朗読シリーズで取り上げるのは、異郷の土地に魅せられて、過去の自分の全てを捨ててしまいそうになる二人を描いた、「帰りたくなかった二人」。今までお送りしてきた「ティオ」の島の物語の中でも、ちょっと地味な一篇ですが、土地と人との関係や絆を描いて、じんわりと沁みてくる好短編です。第一回からずっと同じ三人チームによる朗読・イラスト・演出にてお送りします。長谷部和也さんの南洋情緒あふれるイラストにも乞ご期待!

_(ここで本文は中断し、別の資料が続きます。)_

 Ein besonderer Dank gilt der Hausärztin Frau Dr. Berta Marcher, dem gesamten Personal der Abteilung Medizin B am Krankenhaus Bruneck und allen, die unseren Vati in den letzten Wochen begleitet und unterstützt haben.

そして後半、大津がお送りするのは、二十世紀の米国を代表する作曲家の一人、サミュエル・バーバー作曲の「Knoxville : Summer of 1915」。テキストは、ピューリッツァ賞受賞者でもあるジェームズ・アビーが、自らが幸せな少年時代を過ごしたアメリカ中西部テネシー州の都市、ノックスビルを描いた散文詩。かつての作家自身とも思われる少年の目から見た、1915年の古き良きアメリカ。過ぎ去ってもう二度と戻ってこない故郷への思いを、静かに淡々と描き出す隠れた名曲。英米歌曲がお好きな方にはお馴染みの曲かもしれませんが、なかなか全曲を聞く機会はないかもしれません。シャンソン・フランセーズで味わい深いピアノを聞かせて下さる田中知子さんの伴奏も聴きどころ。

全く異なる二つのパフォーマンスをつなぐのは、「望郷」という言葉。自分の本当の故郷、本当の自分がいるべき場所を探し求める旅の物語と、失われてしまった光に満ちた少年時代の故郷の記憶をたどる物語。そこで今回の公演のテーマは、「MY HOME」としてみました。

例によって、軽いお食事とお飲み物を用意いたしまして、渋谷ラトリエで皆様をお待ちしております。事前予約制にて、先着50名様まで。皆様のお越しを心よりお待ち申し上げております!